■ Task description:
From the records below, set down exactly the lines starting with the line that contains "新世代印字検査カメラとして食" and going on through the line that contains "第一届驻班党员任职仪式在建工". Nothing else is wanted.

■ Records provided:
'''

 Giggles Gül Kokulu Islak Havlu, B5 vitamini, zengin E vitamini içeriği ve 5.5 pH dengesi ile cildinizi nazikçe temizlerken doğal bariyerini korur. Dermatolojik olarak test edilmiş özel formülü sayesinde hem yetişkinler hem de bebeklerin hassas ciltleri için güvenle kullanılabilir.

'''
'''

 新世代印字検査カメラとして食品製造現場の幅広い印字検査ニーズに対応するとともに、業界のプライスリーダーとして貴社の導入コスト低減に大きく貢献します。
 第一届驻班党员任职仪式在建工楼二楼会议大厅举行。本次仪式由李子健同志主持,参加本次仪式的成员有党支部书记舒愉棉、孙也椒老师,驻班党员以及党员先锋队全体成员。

'''

■ Response to this exercise:
 新世代印字検査カメラとして食品製造現場の幅広い印字検査ニーズに対応するとともに、業界のプライスリーダーとして貴社の導入コスト低減に大きく貢献します。
 第一届驻班党员任职仪式在建工楼二楼会议大厅举行。本次仪式由李子健同志主持,参加本次仪式的成员有党支部书记舒愉棉、孙也椒老师,驻班党员以及党员先锋队全体成员。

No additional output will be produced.